De cómo es que estamos transitando al post-capitalismo escribe Wolfgang Streeck en su reciente libro, How Will Capitalism End? (Verso Books, 2016), una colección de ensayos que ahora mismo se está leyendo y discutiendo en todo el mundo. Pero ya voy a llegar…

sábado, 18 de marzo de 2017

La idea inicial

Somos —el famoso ergo sum— en la medida en la que
nos esforzamos en “pensar el ser”, el “no ser” (la muerte)
y la relación de estos dos polos con la presencia o ausencia,
con la vida y la muerte de Dios.
George Steiner.


Cualquier idea es susceptible de caducar e incluso de expirar, aunque nada impide que de sus cenizas una idea muerta resucite. Averigüetas, entrometido, Perogrullo levanta la mano y proclama una verdad: ¡Oiga, pero hubo un tiempo en que determinadas ideas no existían! Pues sí, y no sólo determinadas ideas, sino más bien todas, porque todas las ideas, incluso esta que estoy enunciando aquí y ahora mismo, son productos históricos y (por ende) transitorios. Seguramente más de uno podría tachar de exagerado a quien sostenga que cualquier idea es pasajera… Pero la afirmación no peca de excesiva; medítelo, en realidad es sólo una cuestión de escalas… Por ejemplo, desde una perspectiva cósmica, las ideas son fugaces.

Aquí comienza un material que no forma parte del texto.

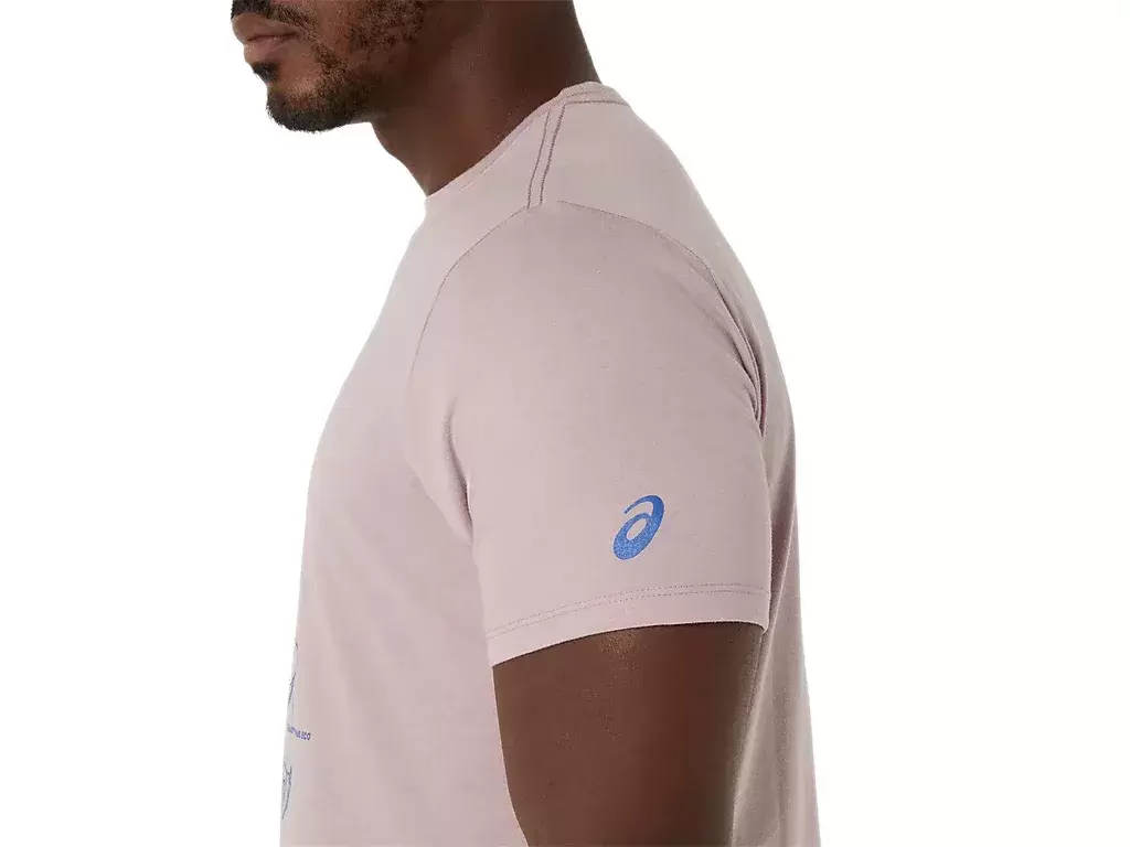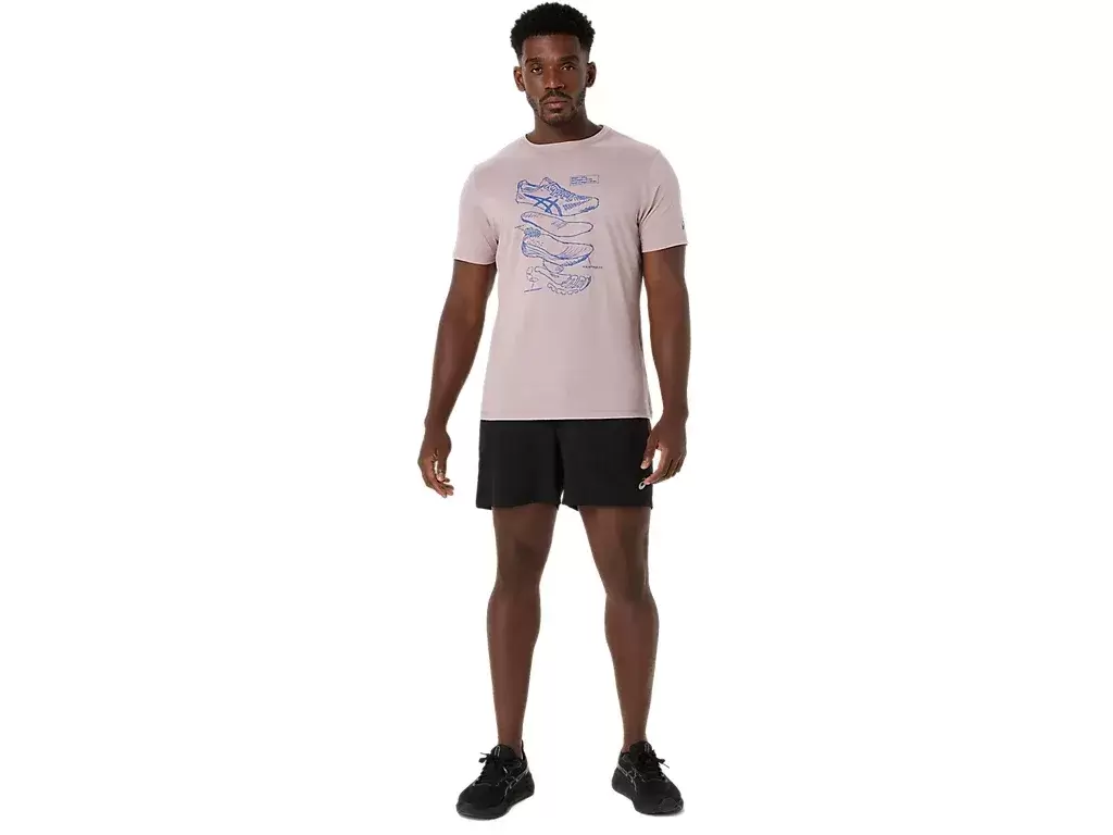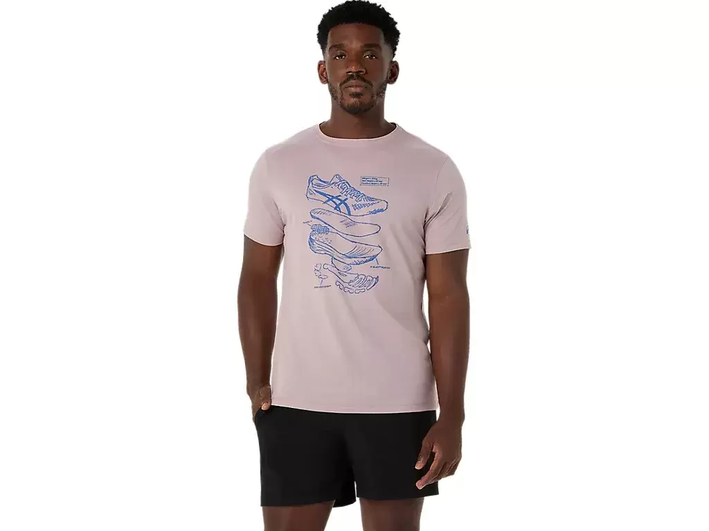 Dieses bequeme, kurzärmlige Strick-T-Shirt ist von den Skizzen der Performance-Laufschuhe von ASICS inspiriert. Es ist mit einer Grafik auf der Vorderseite bedruckt, die die verschiedenen Komponenten zeigt, aus denen unsere Laufschuhe bestehen.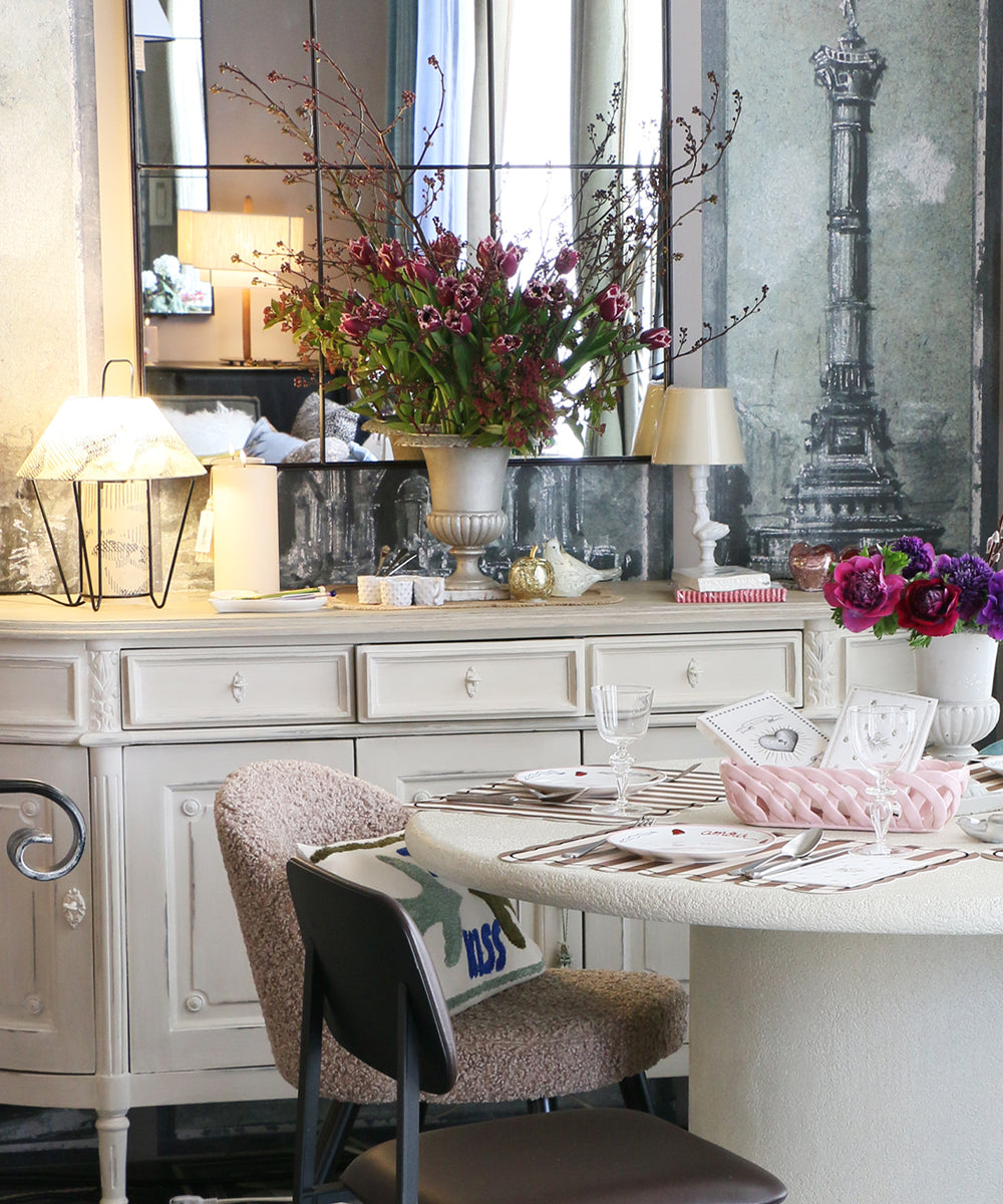 ピンクなど甘めカラーと組み合わせても、大人っぽくまとまります。

Aristocles habría abominado de la idea anterior. Él mismo fue una criatura histórica: llegó al mundo hace 2,444 años, en una polis localizada en la ladera sureste del Monte Licabeto, Atenas, corazón de la Grecia antigua y cuna del logos occidental. Según Diógenes Laercio (Vida de los filósofos más ilustres), quien a su vez se respalda en las Crónicas de Apolondro el Gramático, Aristocles nació en la octogésima octava Olimpiada, el día 7 de Targelión (abril). Aristocles fue uno de los cuatro hijos de una pareja de aristócratas atenienses, Aristón y Perictione. Como se sabe, al tal Aristocles le habría de tocar la nada fácil encomienda de erigir, con su pensamiento y obra, el pedestal que luego soportaría el edificio entero de la filosofía de Occidente. Para ello contó con un apodo que, según se dice, atinadamente le impuso su maestro de lucha: Platón, lo que es decir, El Ancho, ya sea “por la buena proporción de su cuerpo…, por lo amplio de su locución, o bien porque tenía la frente amplísima”. Pues con todo y su anchura y su sapiencia, a Platón no le habría cabido en la cabeza la idea de que algún día se emprendiera el estudio de la historia de las ideas. Y es que para el sabio fundador de la Academia no resultaba platónica la idea de que las ideas tienen una dimensión ontológica y, más aún, una esencia perenne. Él defendía la idea de que las ideas son aespaciales y atemporales, esto es, ahistóricas. Históricamente, a esta postura se le conoce como idealismo.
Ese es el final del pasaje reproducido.